• **Problem details**
The required result is a copy of each line below in which "that" appears.
+===+
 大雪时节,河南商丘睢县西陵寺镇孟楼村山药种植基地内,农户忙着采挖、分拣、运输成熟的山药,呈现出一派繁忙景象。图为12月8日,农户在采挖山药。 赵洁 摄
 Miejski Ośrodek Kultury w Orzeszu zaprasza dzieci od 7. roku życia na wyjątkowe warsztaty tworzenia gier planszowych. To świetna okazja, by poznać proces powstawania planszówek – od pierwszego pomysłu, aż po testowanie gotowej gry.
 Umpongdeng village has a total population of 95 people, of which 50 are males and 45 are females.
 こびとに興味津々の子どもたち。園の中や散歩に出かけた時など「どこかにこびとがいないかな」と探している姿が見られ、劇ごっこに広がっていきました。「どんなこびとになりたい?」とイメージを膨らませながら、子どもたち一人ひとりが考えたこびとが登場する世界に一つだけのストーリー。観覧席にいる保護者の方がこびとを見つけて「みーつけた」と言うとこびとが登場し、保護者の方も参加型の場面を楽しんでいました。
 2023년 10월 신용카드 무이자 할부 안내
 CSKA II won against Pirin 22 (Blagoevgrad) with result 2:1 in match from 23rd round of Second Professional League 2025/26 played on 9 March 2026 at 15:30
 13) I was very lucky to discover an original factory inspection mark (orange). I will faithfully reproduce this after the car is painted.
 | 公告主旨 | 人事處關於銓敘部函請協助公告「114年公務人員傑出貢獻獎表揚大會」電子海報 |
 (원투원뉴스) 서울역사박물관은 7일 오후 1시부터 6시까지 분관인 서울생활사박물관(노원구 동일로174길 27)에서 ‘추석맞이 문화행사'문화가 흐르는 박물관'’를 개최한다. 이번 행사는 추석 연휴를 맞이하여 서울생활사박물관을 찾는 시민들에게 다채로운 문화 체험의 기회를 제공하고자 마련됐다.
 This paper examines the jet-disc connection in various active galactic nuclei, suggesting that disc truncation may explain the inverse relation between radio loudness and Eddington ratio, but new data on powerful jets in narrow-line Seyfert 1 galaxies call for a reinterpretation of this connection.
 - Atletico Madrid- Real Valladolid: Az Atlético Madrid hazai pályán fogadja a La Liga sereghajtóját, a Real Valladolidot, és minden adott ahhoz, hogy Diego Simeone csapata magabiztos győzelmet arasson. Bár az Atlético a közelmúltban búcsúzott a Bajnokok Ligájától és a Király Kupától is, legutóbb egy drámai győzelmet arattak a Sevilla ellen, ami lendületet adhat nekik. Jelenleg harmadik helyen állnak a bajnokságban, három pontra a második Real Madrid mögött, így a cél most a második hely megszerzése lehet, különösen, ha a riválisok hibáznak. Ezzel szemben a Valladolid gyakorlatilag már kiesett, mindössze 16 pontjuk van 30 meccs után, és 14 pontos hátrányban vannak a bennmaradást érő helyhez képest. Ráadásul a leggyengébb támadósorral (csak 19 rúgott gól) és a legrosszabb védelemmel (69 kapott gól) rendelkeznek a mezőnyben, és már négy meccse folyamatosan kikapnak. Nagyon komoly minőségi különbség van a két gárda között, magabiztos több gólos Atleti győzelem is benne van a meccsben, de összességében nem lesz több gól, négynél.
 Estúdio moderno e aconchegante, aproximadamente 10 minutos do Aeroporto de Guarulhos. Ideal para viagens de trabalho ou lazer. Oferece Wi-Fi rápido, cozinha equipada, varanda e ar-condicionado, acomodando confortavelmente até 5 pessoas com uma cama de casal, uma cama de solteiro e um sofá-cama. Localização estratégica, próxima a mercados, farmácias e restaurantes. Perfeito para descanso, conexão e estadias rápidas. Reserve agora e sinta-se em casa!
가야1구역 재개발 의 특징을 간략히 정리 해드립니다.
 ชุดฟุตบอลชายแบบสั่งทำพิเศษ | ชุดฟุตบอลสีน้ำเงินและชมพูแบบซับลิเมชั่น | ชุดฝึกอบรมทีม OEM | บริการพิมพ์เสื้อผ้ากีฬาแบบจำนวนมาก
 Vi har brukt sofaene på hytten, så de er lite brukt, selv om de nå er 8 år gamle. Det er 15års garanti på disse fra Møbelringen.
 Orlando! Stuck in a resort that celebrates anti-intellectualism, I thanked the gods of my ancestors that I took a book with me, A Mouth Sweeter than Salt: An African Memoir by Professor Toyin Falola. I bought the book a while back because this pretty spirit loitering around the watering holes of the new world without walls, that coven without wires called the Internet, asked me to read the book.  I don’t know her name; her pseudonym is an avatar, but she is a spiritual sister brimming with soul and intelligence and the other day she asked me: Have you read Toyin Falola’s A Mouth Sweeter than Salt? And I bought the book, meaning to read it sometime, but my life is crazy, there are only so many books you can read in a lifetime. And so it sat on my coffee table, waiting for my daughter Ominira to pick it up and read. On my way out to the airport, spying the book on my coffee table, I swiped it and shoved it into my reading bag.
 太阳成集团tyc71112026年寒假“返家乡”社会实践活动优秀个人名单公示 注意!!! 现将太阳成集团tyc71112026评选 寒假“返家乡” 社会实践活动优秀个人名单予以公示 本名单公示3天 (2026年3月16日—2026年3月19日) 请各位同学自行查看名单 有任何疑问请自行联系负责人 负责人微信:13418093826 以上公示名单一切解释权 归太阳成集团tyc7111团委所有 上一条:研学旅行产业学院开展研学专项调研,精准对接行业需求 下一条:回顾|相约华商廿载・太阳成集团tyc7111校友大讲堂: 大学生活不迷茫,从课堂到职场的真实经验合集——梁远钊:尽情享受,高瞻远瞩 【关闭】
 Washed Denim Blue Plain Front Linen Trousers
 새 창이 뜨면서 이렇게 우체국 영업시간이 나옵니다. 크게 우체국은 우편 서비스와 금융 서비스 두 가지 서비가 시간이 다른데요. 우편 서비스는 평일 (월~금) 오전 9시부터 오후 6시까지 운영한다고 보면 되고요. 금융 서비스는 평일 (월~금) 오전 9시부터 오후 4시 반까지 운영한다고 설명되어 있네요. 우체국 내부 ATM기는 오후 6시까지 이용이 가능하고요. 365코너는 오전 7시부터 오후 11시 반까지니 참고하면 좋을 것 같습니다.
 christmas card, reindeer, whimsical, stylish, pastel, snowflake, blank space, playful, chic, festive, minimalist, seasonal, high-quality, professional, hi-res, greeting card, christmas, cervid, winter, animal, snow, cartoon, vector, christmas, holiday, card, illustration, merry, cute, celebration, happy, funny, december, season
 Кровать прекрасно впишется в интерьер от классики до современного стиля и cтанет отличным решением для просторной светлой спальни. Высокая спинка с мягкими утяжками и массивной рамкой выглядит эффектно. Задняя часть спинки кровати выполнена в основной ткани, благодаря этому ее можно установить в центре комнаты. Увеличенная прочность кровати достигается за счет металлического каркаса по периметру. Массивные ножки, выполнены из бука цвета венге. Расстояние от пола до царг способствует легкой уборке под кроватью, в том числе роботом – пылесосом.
+===+
• **Task output**
 This paper examines the jet-disc connection in various active galactic nuclei, suggesting that disc truncation may explain the inverse relation between radio loudness and Eddington ratio, but new data on powerful jets in narrow-line Seyfert 1 galaxies call for a reinterpretation of this connection.
 Orlando! Stuck in a resort that celebrates anti-intellectualism, I thanked the gods of my ancestors that I took a book with me, A Mouth Sweeter than Salt: An African Memoir by Professor Toyin Falola. I bought the book a while back because this pretty spirit loitering around the watering holes of the new world without walls, that coven without wires called the Internet, asked me to read the book.  I don’t know her name; her pseudonym is an avatar, but she is a spiritual sister brimming with soul and intelligence and the other day she asked me: Have you read Toyin Falola’s A Mouth Sweeter than Salt? And I bought the book, meaning to read it sometime, but my life is crazy, there are only so many books you can read in a lifetime. And so it sat on my coffee table, waiting for my daughter Ominira to pick it up and read. On my way out to the airport, spying the book on my coffee table, I swiped it and shoved it into my reading bag.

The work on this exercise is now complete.